§ Description of the task:
Could you restate word for word only the lines below from the one holding "養成講座修了後には、木造住宅" to the one holding "Cap Sleeve Lace", inclusive, and leave out the pictures?

§ Records for this task:
______________________________
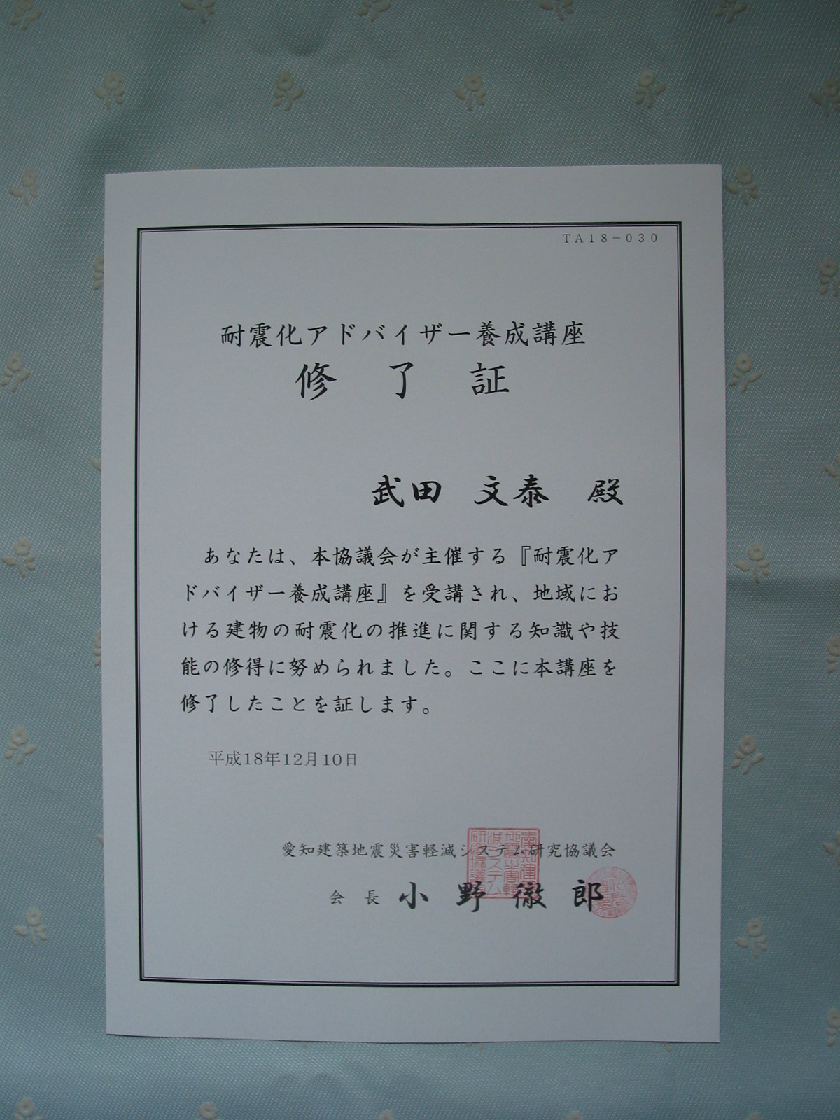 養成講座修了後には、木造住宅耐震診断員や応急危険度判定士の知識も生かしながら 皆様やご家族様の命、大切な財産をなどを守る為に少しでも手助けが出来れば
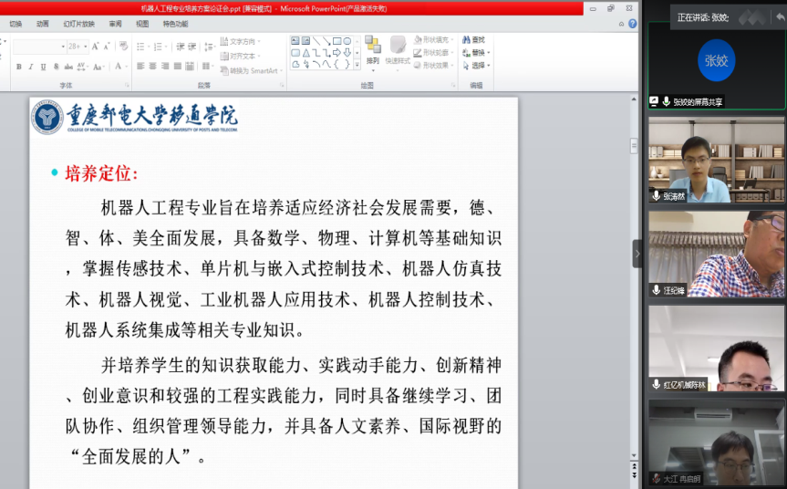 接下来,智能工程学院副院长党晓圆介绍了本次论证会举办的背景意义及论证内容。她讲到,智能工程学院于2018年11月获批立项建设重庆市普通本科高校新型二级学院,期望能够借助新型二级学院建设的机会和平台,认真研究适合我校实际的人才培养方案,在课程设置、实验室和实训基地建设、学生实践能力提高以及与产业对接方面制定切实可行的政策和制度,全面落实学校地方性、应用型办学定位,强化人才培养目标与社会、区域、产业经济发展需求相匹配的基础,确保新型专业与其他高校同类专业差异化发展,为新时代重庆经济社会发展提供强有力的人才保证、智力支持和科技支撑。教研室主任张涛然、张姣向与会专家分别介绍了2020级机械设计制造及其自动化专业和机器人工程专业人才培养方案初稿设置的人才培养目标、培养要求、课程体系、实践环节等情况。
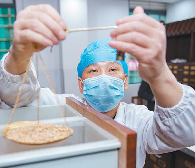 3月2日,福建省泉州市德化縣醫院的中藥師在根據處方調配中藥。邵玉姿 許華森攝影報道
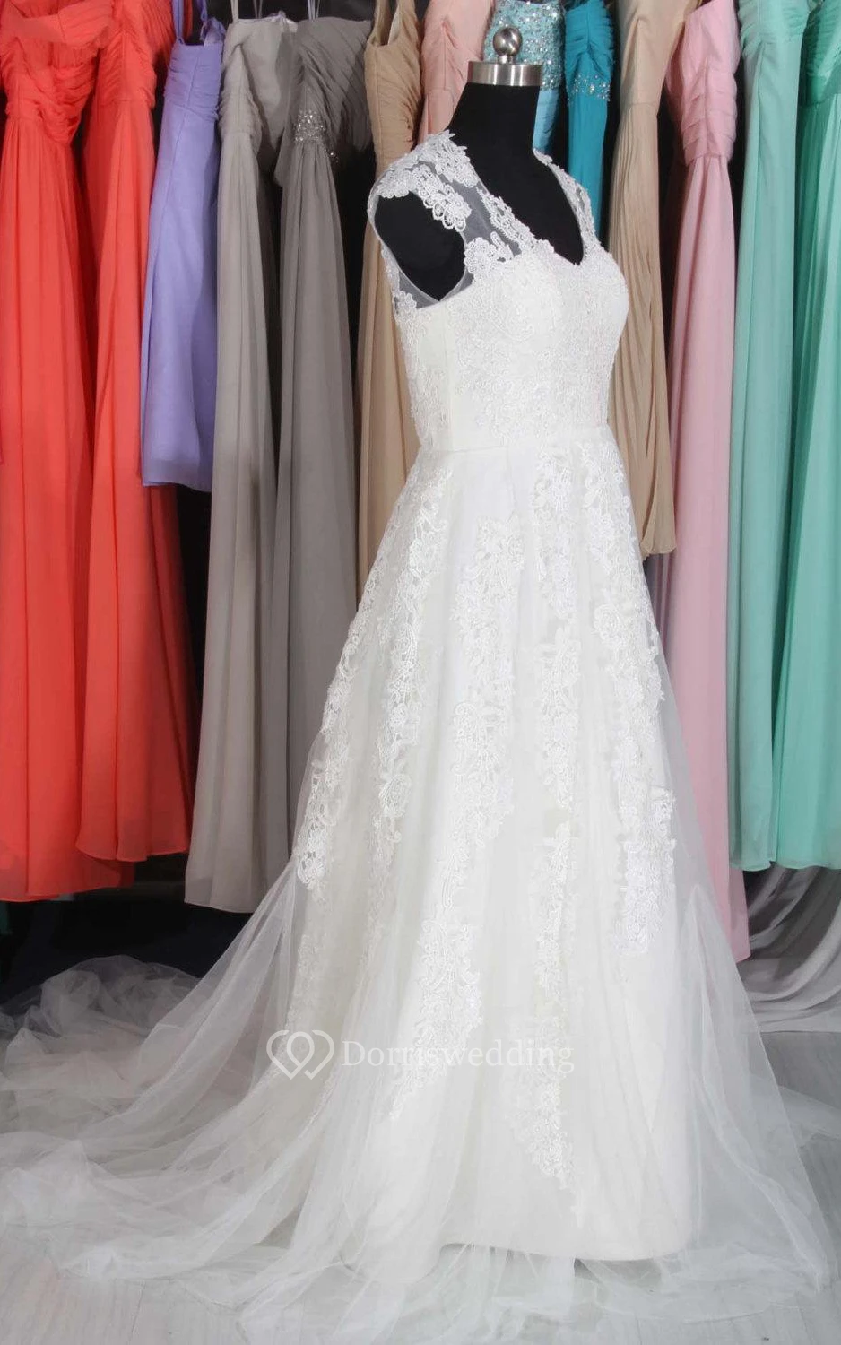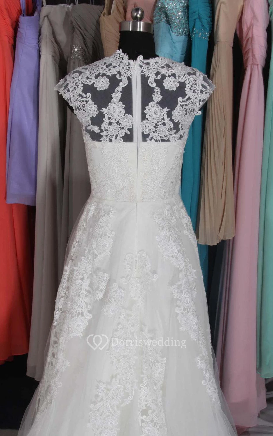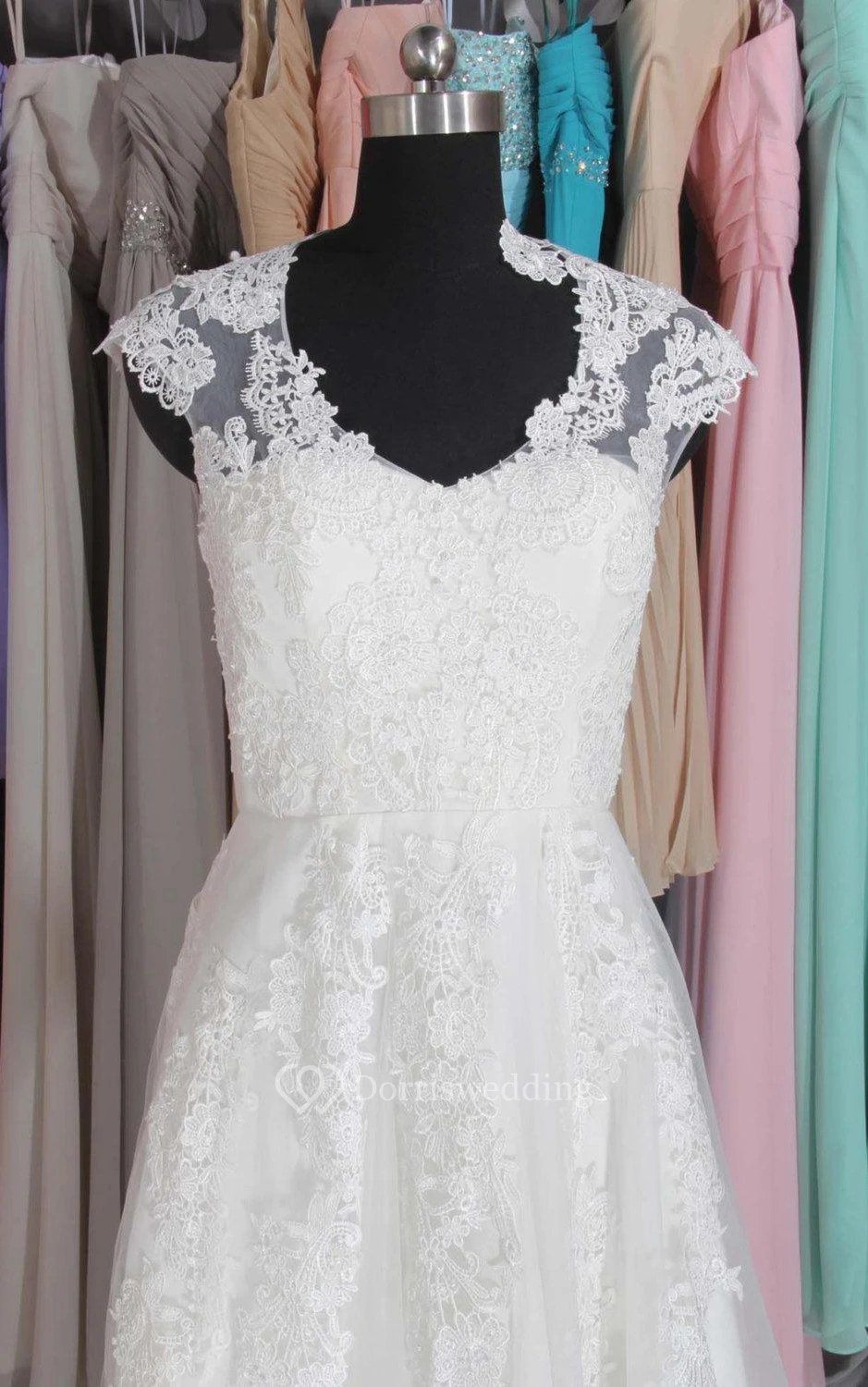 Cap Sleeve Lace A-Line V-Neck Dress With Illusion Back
______________________________
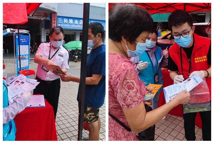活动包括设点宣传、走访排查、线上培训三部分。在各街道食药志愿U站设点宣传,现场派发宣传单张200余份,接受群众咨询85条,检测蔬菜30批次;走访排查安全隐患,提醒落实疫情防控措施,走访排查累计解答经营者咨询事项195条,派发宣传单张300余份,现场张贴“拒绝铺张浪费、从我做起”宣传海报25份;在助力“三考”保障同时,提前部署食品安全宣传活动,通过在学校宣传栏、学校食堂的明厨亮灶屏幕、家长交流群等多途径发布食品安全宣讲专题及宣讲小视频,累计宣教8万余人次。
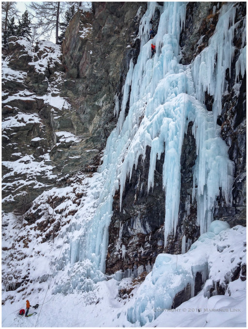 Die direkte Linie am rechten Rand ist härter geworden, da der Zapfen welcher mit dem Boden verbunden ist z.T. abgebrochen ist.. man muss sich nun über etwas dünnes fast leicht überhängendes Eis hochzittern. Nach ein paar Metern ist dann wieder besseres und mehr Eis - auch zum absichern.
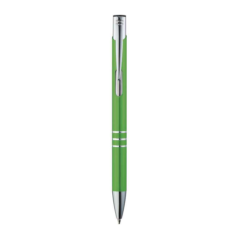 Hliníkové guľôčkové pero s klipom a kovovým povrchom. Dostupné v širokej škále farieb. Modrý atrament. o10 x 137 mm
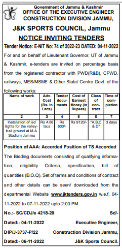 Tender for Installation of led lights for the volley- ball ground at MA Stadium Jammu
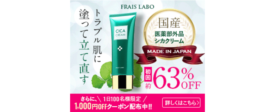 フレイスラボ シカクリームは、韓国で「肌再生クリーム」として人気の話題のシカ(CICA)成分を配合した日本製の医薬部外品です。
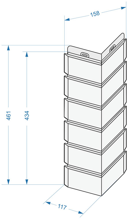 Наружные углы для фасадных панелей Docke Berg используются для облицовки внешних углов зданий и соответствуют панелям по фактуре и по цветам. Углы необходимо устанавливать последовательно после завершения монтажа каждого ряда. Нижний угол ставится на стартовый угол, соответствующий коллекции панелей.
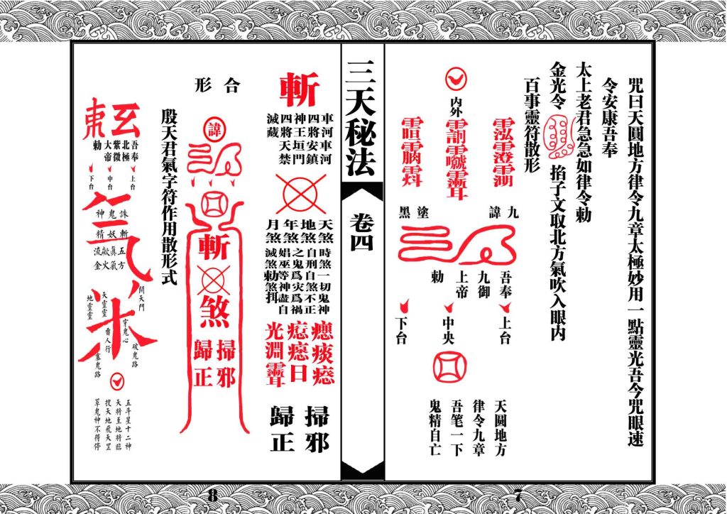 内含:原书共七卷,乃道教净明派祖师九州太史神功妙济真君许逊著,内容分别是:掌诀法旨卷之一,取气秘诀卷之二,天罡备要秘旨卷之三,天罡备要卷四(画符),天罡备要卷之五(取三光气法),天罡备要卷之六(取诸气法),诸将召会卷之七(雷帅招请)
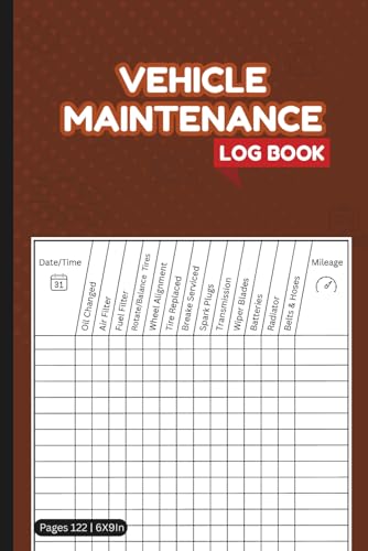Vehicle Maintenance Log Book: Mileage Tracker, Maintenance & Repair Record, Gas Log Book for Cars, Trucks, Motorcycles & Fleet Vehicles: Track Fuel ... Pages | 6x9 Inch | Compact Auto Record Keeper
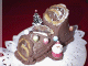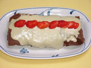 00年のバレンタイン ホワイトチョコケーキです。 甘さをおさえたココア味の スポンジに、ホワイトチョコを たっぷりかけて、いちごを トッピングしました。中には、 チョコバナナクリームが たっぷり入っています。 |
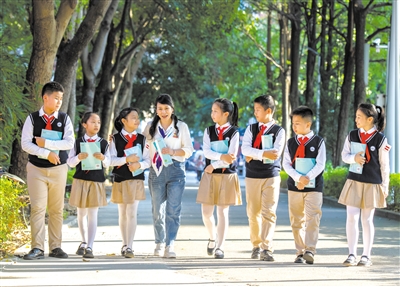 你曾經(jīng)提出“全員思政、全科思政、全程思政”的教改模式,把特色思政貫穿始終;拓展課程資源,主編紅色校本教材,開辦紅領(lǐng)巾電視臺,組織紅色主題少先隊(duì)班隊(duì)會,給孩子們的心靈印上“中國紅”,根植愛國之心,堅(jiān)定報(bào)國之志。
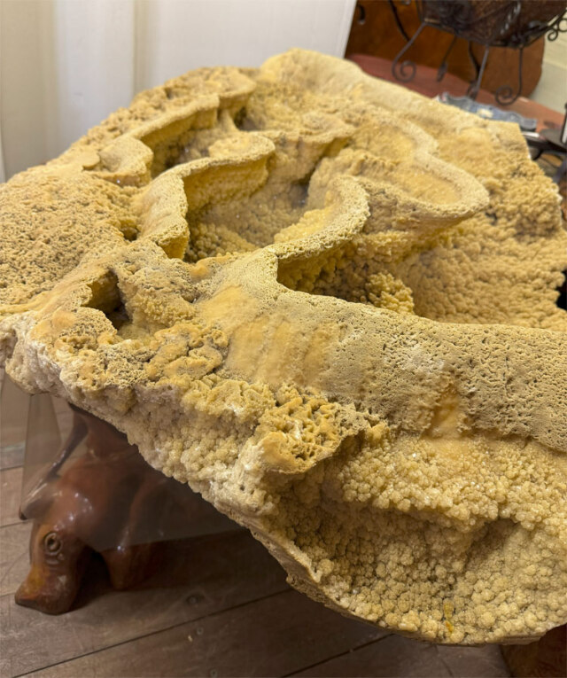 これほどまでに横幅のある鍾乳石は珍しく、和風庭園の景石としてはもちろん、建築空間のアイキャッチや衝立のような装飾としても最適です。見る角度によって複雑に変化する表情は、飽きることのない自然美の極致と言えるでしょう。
______________________________
§ Finished exercise:
 養成講座修了後には、木造住宅耐震診断員や応急危険度判定士の知識も生かしながら 皆様やご家族様の命、大切な財産をなどを守る為に少しでも手助けが出来れば
 接下来,智能工程学院副院长党晓圆介绍了本次论证会举办的背景意义及论证内容。她讲到,智能工程学院于2018年11月获批立项建设重庆市普通本科高校新型二级学院,期望能够借助新型二级学院建设的机会和平台,认真研究适合我校实际的人才培养方案,在课程设置、实验室和实训基地建设、学生实践能力提高以及与产业对接方面制定切实可行的政策和制度,全面落实学校地方性、应用型办学定位,强化人才培养目标与社会、区域、产业经济发展需求相匹配的基础,确保新型专业与其他高校同类专业差异化发展,为新时代重庆经济社会发展提供强有力的人才保证、智力支持和科技支撑。教研室主任张涛然、张姣向与会专家分别介绍了2020级机械设计制造及其自动化专业和机器人工程专业人才培养方案初稿设置的人才培养目标、培养要求、课程体系、实践环节等情况。
 3月2日,福建省泉州市德化縣醫院的中藥師在根據處方調配中藥。邵玉姿 許華森攝影報道
 Cap Sleeve Lace A-Line V-Neck Dress With Illusion Back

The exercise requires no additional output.